SUPPLIED DATA section start
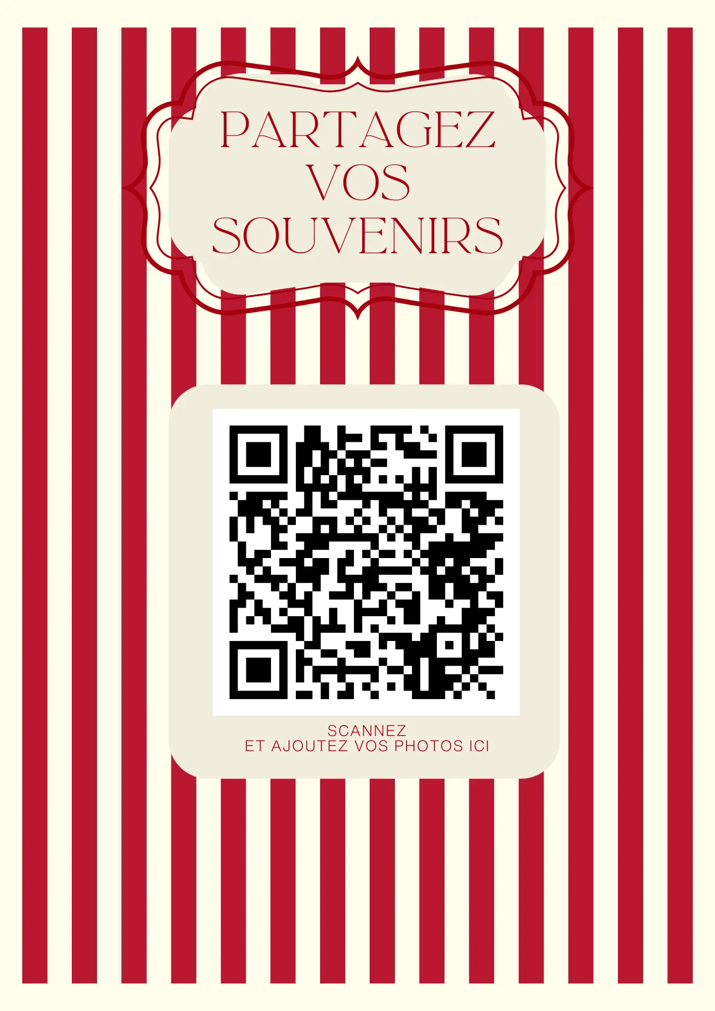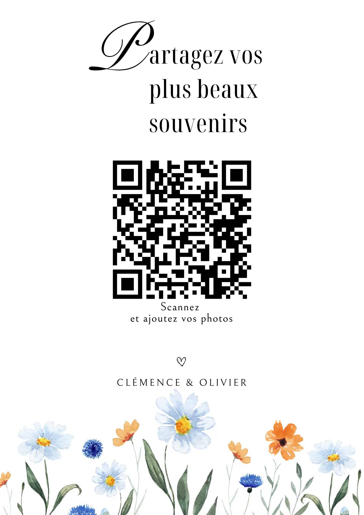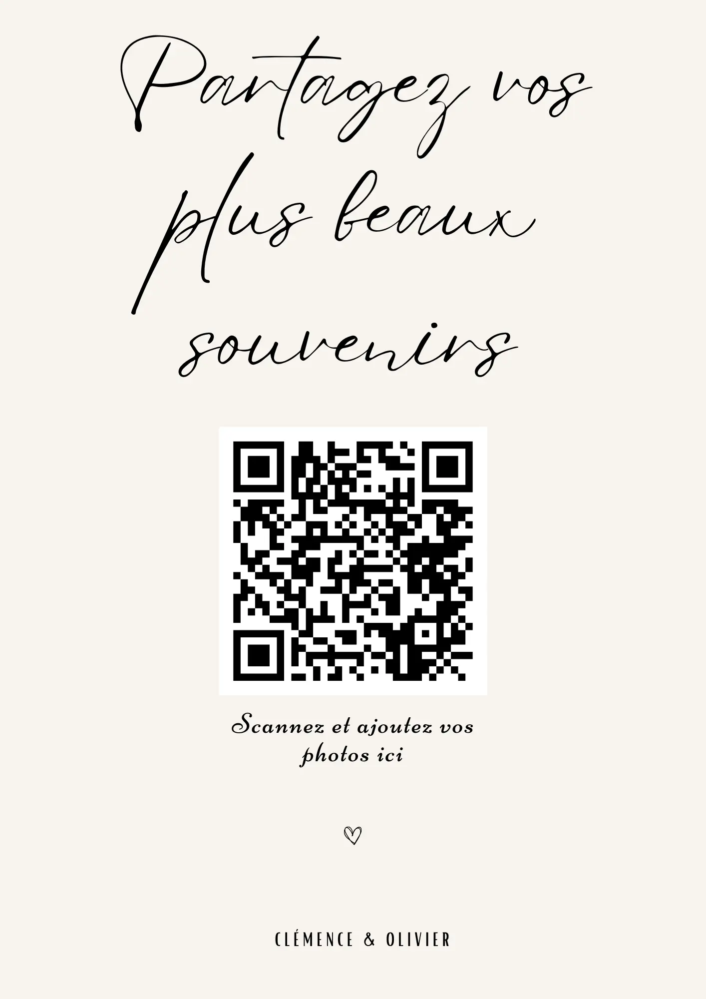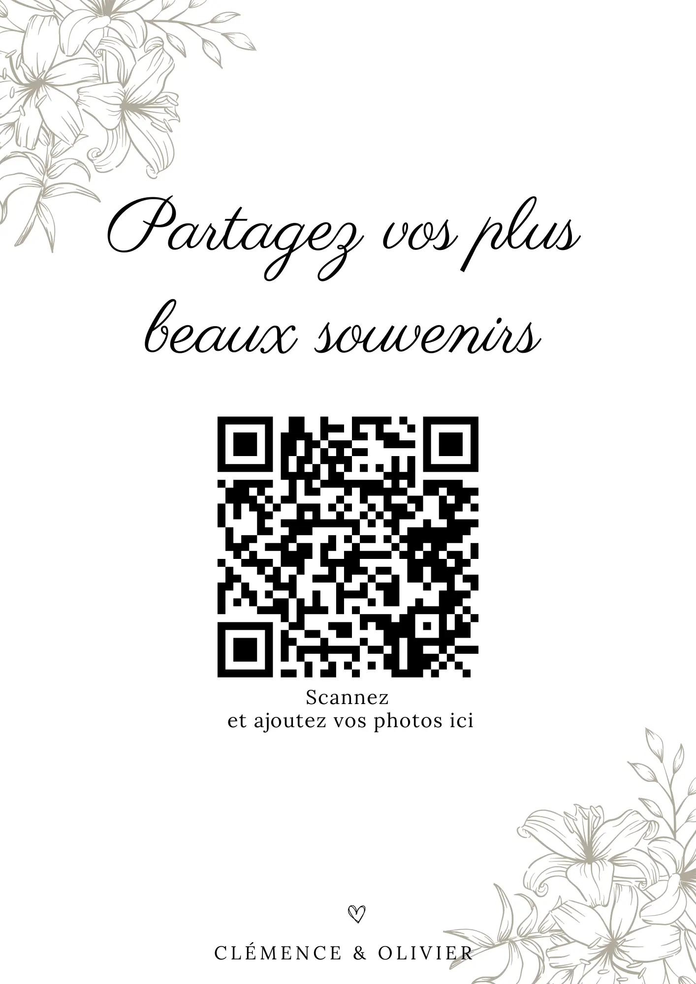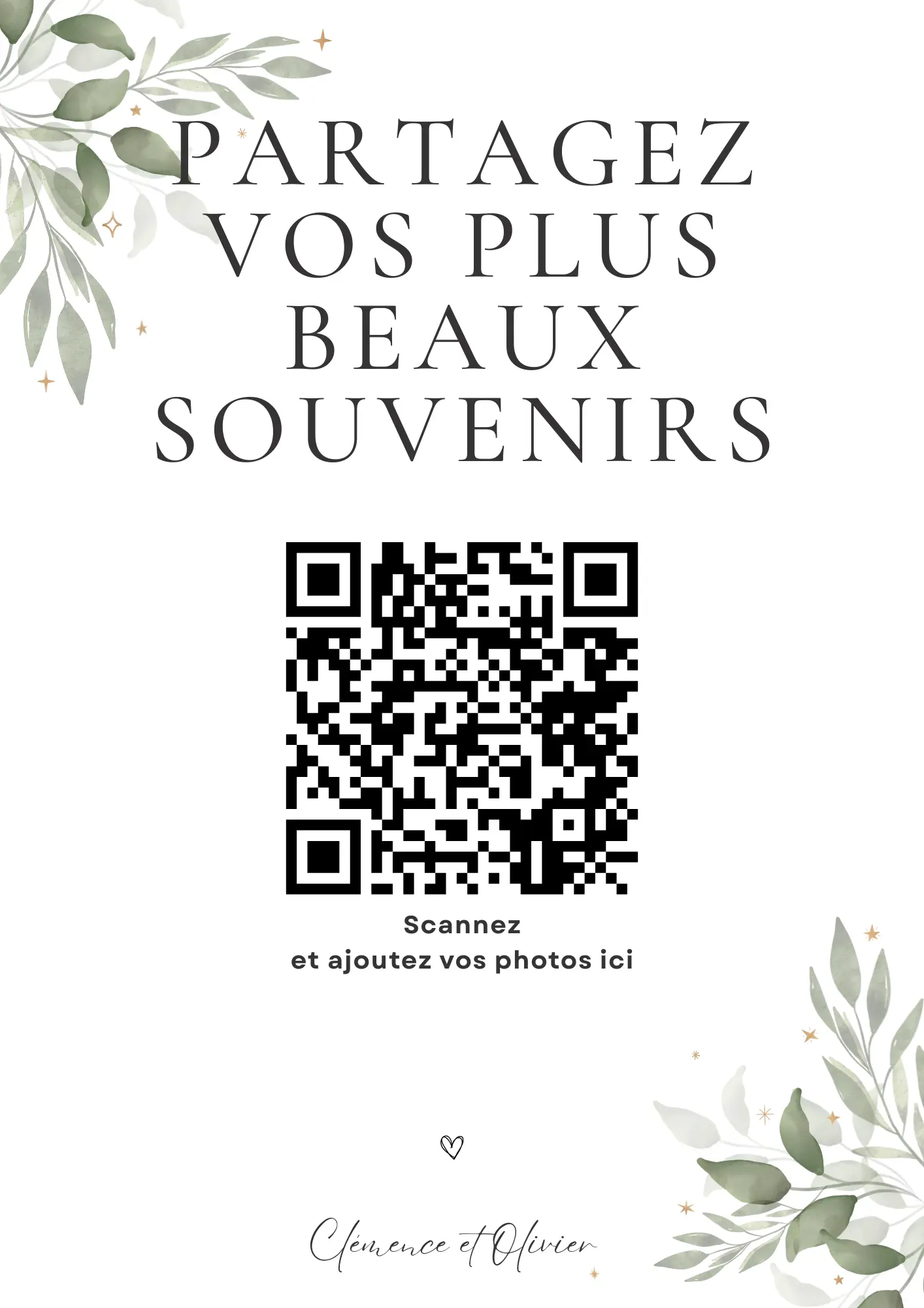 Vos invités scannent votre QR code et partagent instantanément leurs photos et vidéos dans votre album privé — sans application à installer.
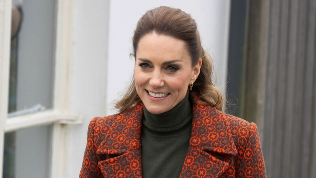 3 февраля Кейт Миддлтон посетила фабрику Melin Tregwynt, которая изготавливает шерстяные изделия с традиционными валлийскими узорами. Принцесса Уэльская выбрала для выхода на публику шерстяное оранжевое пальто с геометрическим узором, темно-зеленую водолазку и брюки с высокой талией того же оттенка от бренда Виктории Бекхэм. Жена принца Уильяма завершила образ золотыми серьгами-кольцами, ремнем и туфлями на каблуках.
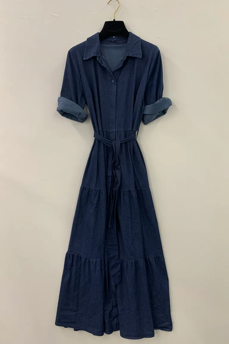 Abito chemisier a balze, tessuto chambray
SUPPLIED DATA section end
◆ TASK TO CARRY OUT
Please give back the material above exactly as written, pictures omitted.

◆ EXPECTED ANSWER
 Vos invités scannent votre QR code et partagent instantanément leurs photos et vidéos dans votre album privé — sans application à installer.
 3 февраля Кейт Миддлтон посетила фабрику Melin Tregwynt, которая изготавливает шерстяные изделия с традиционными валлийскими узорами. Принцесса Уэльская выбрала для выхода на публику шерстяное оранжевое пальто с геометрическим узором, темно-зеленую водолазку и брюки с высокой талией того же оттенка от бренда Виктории Бекхэм. Жена принца Уильяма завершила образ золотыми серьгами-кольцами, ремнем и туфлями на каблуках.
 Abito chemisier a balze, tessuto chambray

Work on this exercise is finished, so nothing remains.